EXERCISE BRIEF: Your answer must be the full listing, word for word, with no images in it.

DATA SECTION:
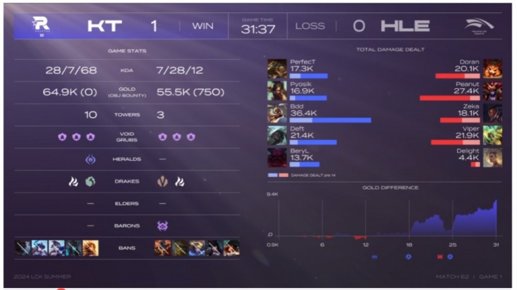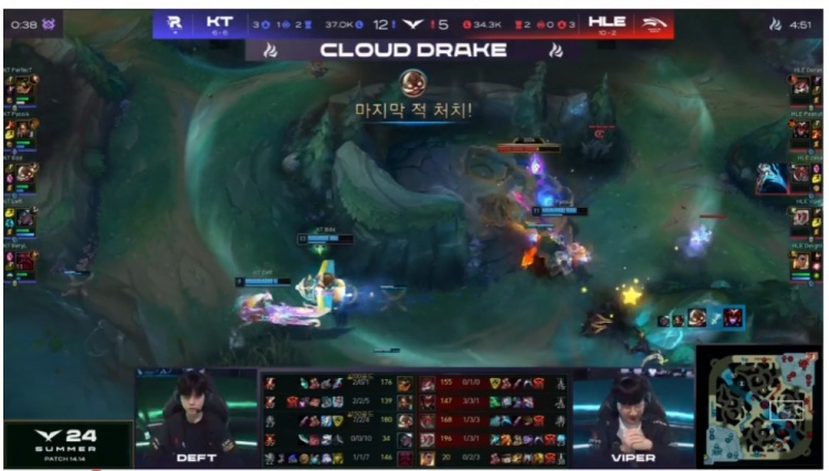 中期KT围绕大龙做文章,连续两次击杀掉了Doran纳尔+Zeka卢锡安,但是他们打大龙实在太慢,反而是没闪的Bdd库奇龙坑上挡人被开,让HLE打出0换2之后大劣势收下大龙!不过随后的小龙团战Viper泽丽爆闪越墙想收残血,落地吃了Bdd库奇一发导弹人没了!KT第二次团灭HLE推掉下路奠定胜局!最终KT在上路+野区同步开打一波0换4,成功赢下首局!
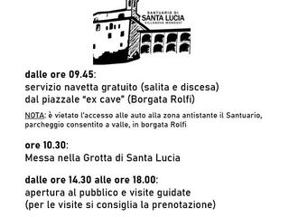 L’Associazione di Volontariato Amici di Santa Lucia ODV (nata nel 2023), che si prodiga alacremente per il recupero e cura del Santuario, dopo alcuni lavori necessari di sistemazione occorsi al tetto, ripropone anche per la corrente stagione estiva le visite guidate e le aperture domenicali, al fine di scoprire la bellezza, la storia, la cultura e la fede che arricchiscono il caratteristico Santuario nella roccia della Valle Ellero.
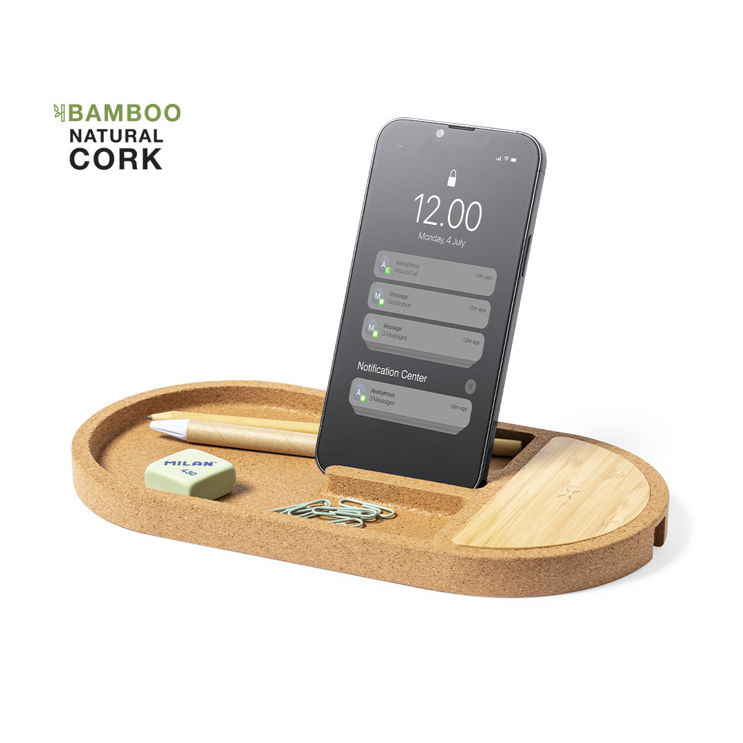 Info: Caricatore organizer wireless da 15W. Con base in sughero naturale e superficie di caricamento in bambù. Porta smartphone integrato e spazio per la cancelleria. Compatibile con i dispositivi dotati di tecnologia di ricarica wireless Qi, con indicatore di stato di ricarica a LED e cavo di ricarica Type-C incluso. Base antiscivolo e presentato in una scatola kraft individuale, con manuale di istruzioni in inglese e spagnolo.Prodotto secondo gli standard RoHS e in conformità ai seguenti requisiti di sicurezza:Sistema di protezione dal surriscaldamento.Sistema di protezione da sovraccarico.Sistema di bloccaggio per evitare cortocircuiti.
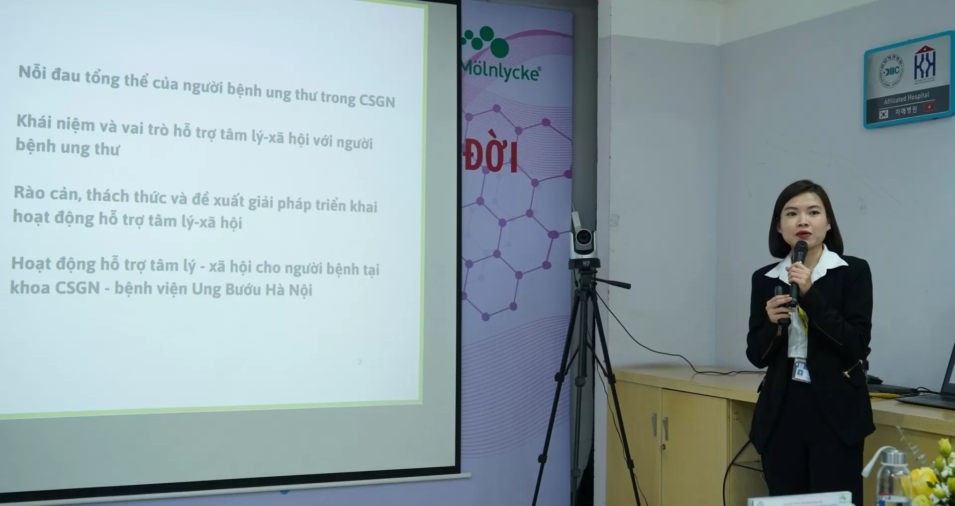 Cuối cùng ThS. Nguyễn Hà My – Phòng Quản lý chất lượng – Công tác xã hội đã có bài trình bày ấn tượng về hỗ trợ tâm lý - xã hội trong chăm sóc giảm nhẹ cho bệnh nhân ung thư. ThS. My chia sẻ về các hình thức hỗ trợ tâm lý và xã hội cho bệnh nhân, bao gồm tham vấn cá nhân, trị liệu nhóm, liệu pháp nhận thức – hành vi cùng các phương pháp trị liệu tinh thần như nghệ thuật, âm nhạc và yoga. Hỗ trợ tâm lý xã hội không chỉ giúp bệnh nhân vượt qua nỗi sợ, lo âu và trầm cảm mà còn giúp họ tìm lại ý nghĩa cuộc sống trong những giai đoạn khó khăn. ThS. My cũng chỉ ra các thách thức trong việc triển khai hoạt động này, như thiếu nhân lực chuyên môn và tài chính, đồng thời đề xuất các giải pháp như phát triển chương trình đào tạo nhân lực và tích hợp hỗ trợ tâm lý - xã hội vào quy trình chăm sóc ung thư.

COMPLETED EXERCISE:
 中期KT围绕大龙做文章,连续两次击杀掉了Doran纳尔+Zeka卢锡安,但是他们打大龙实在太慢,反而是没闪的Bdd库奇龙坑上挡人被开,让HLE打出0换2之后大劣势收下大龙!不过随后的小龙团战Viper泽丽爆闪越墙想收残血,落地吃了Bdd库奇一发导弹人没了!KT第二次团灭HLE推掉下路奠定胜局!最终KT在上路+野区同步开打一波0换4,成功赢下首局!
 L’Associazione di Volontariato Amici di Santa Lucia ODV (nata nel 2023), che si prodiga alacremente per il recupero e cura del Santuario, dopo alcuni lavori necessari di sistemazione occorsi al tetto, ripropone anche per la corrente stagione estiva le visite guidate e le aperture domenicali, al fine di scoprire la bellezza, la storia, la cultura e la fede che arricchiscono il caratteristico Santuario nella roccia della Valle Ellero.
 Info: Caricatore organizer wireless da 15W. Con base in sughero naturale e superficie di caricamento in bambù. Porta smartphone integrato e spazio per la cancelleria. Compatibile con i dispositivi dotati di tecnologia di ricarica wireless Qi, con indicatore di stato di ricarica a LED e cavo di ricarica Type-C incluso. Base antiscivolo e presentato in una scatola kraft individuale, con manuale di istruzioni in inglese e spagnolo.Prodotto secondo gli standard RoHS e in conformità ai seguenti requisiti di sicurezza:Sistema di protezione dal surriscaldamento.Sistema di protezione da sovraccarico.Sistema di bloccaggio per evitare cortocircuiti.
 Cuối cùng ThS. Nguyễn Hà My – Phòng Quản lý chất lượng – Công tác xã hội đã có bài trình bày ấn tượng về hỗ trợ tâm lý - xã hội trong chăm sóc giảm nhẹ cho bệnh nhân ung thư. ThS. My chia sẻ về các hình thức hỗ trợ tâm lý và xã hội cho bệnh nhân, bao gồm tham vấn cá nhân, trị liệu nhóm, liệu pháp nhận thức – hành vi cùng các phương pháp trị liệu tinh thần như nghệ thuật, âm nhạc và yoga. Hỗ trợ tâm lý xã hội không chỉ giúp bệnh nhân vượt qua nỗi sợ, lo âu và trầm cảm mà còn giúp họ tìm lại ý nghĩa cuộc sống trong những giai đoạn khó khăn. ThS. My cũng chỉ ra các thách thức trong việc triển khai hoạt động này, như thiếu nhân lực chuyên môn và tài chính, đồng thời đề xuất các giải pháp như phát triển chương trình đào tạo nhân lực và tích hợp hỗ trợ tâm lý - xã hội vào quy trình chăm sóc ung thư.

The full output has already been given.